In the March 31 issue of Wine Spectator Magazine, contributing editor Matt Kramer issues what he calls Manifesto 2010. (You’ll need to be either a subscriber of Wine Spectator Online or buy the print magazine to get the full text.) Basically, Mr Kramer’s point is that wineries need to be more forthcoming — a nice way of saying be more honest — with the information they put on wine labels, especially when it comes to ABV percentages.
All those in favor, say “Aye.”
“Aye!”
Opposed?
[sound of crickets chirping]
That is the sound of the wine industry sitting on their hands. Why do some wineries fudge on label ABV percentages?

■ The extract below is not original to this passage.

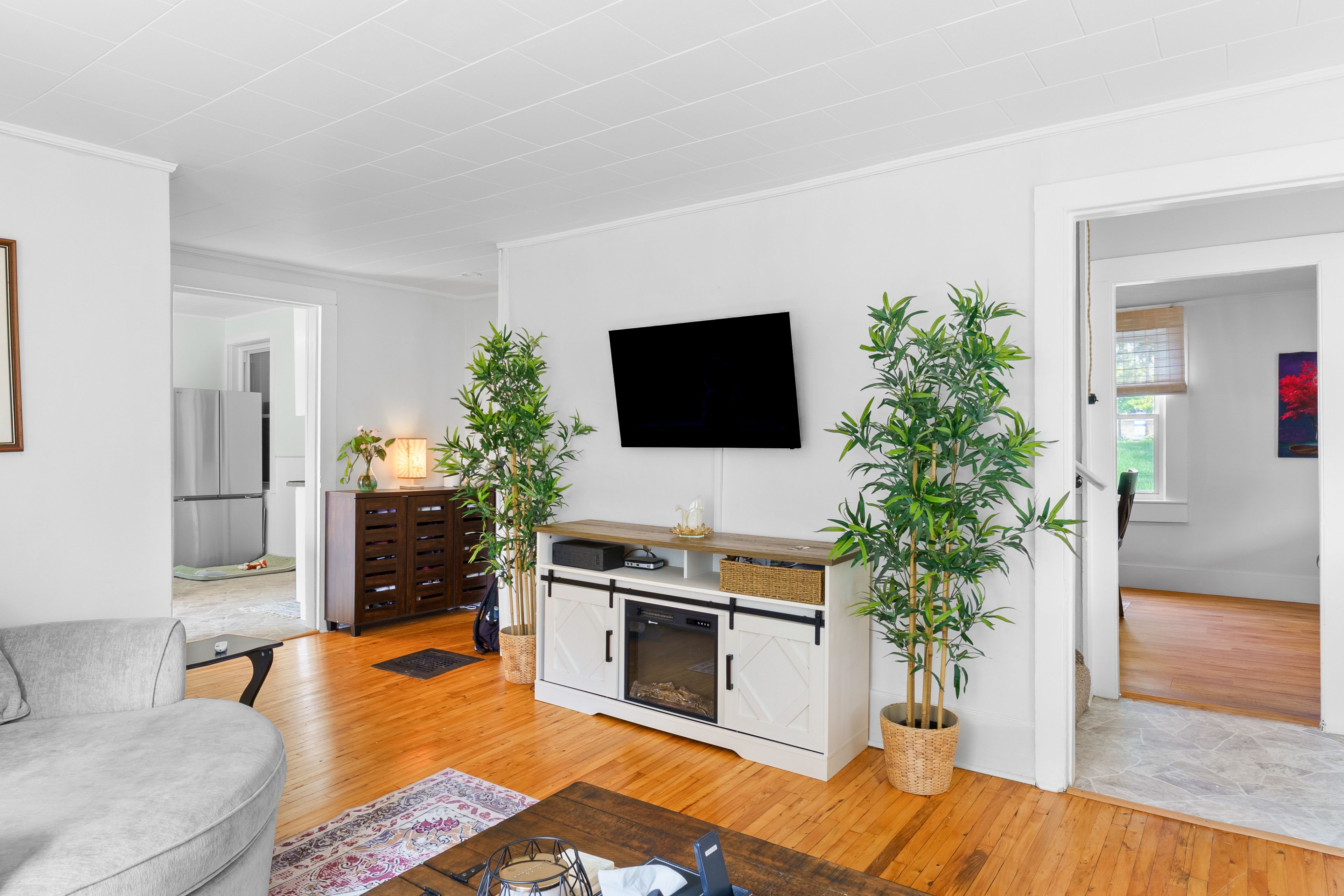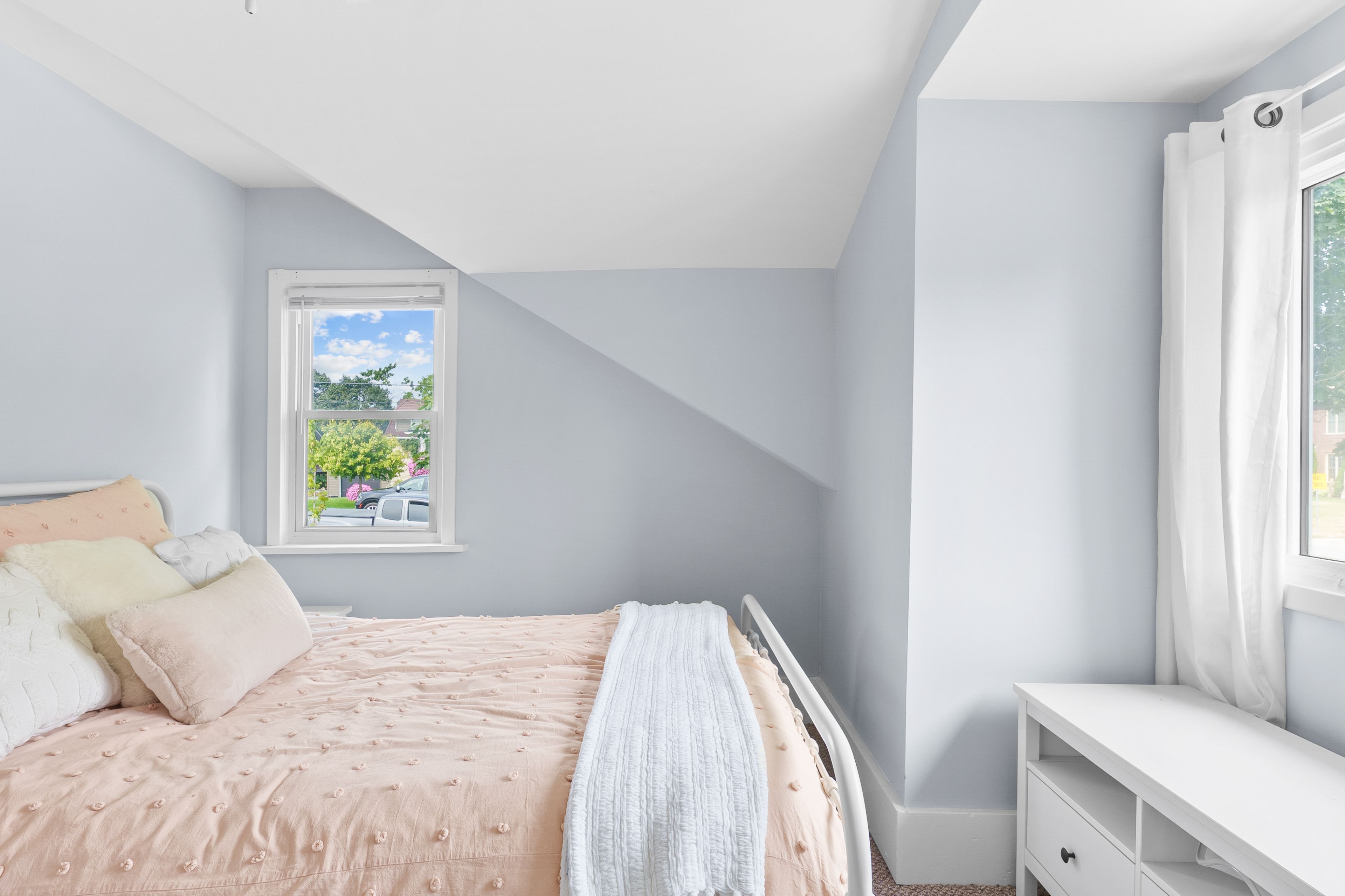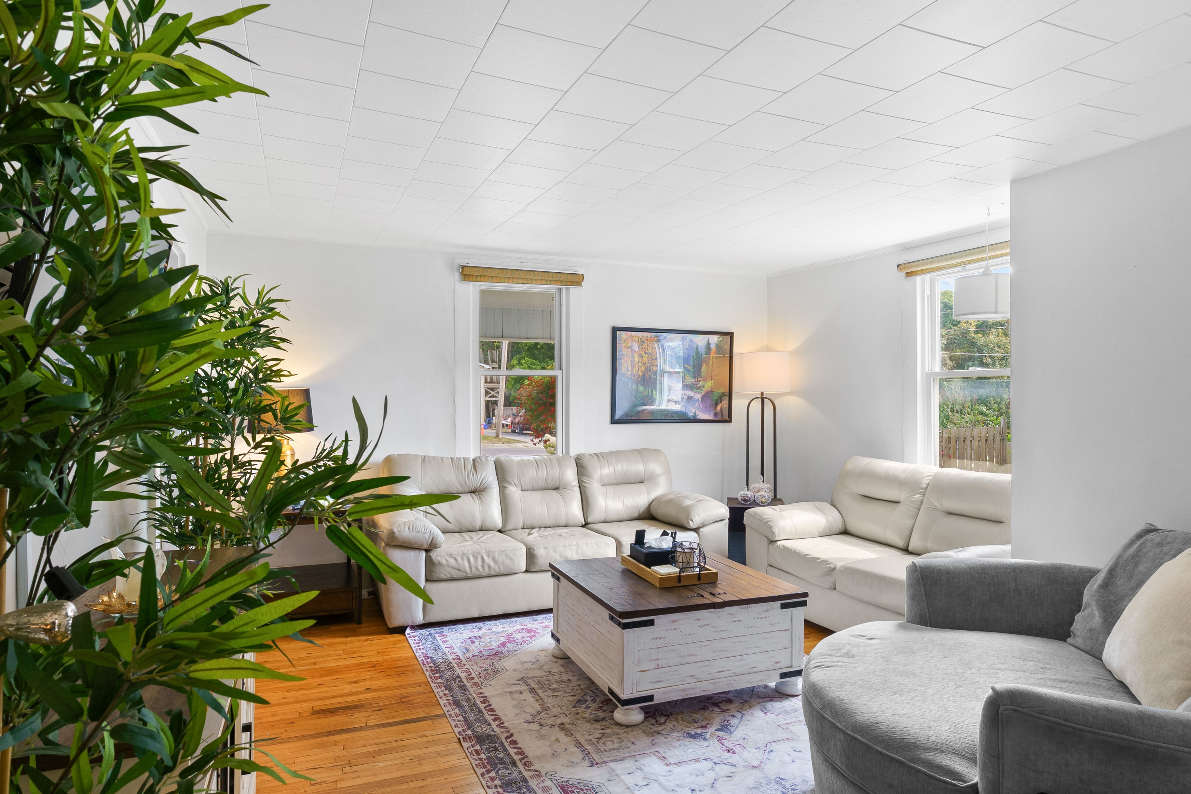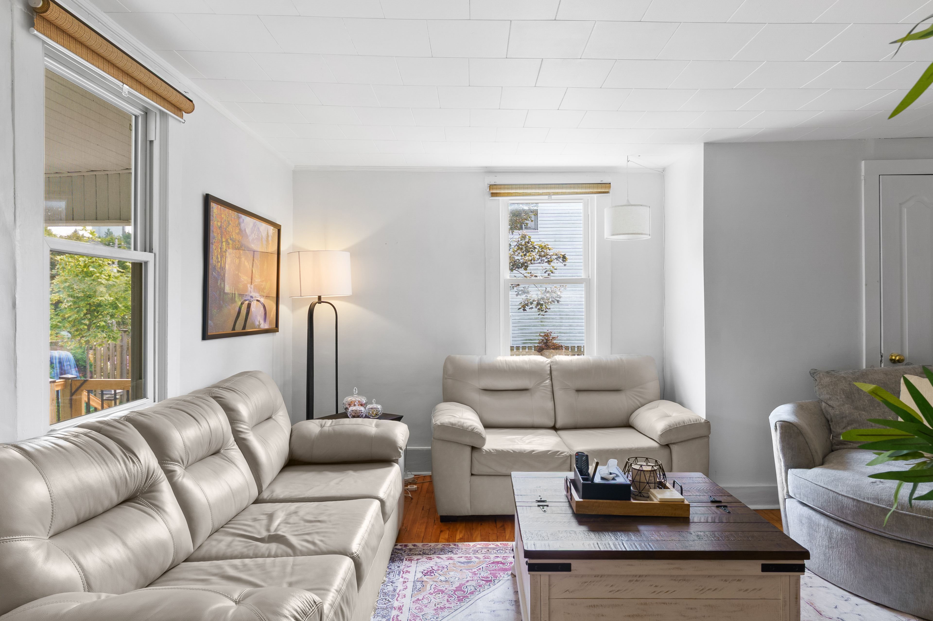 • Cozy upstairs with three bedrooms and a classic clawfoot tub bathroom.

The first thing one must understand when it comes to the regulation of the wine, and in fact, the whole alcoholic beverage industry, is it is all about taxes. The Feds and the states want to collect excise taxes and all the regulations are written so that the government gets its pound of flesh. Wines lower than 14% ABV are federally taxed at a rate of $1.07 / gal. Wines over 14% are taxed at $1.57 / gal. And they do keep track. Wineries must report monthly their separate inventories of wines above and below the 14% mark. This little 50 cents per gallon difference can equate to a lot of money for a large winery and isn’t chicken feed for us little guys.
HOWEVER, for the final label approval, the federal government allows a leeway of plus or minus 1 percent on wines declared to be above 14% ABV and an even greater leeway of 1.5% on wines declared to be less than 14%. You can see that this leaves A LOT of wiggle room for a winery.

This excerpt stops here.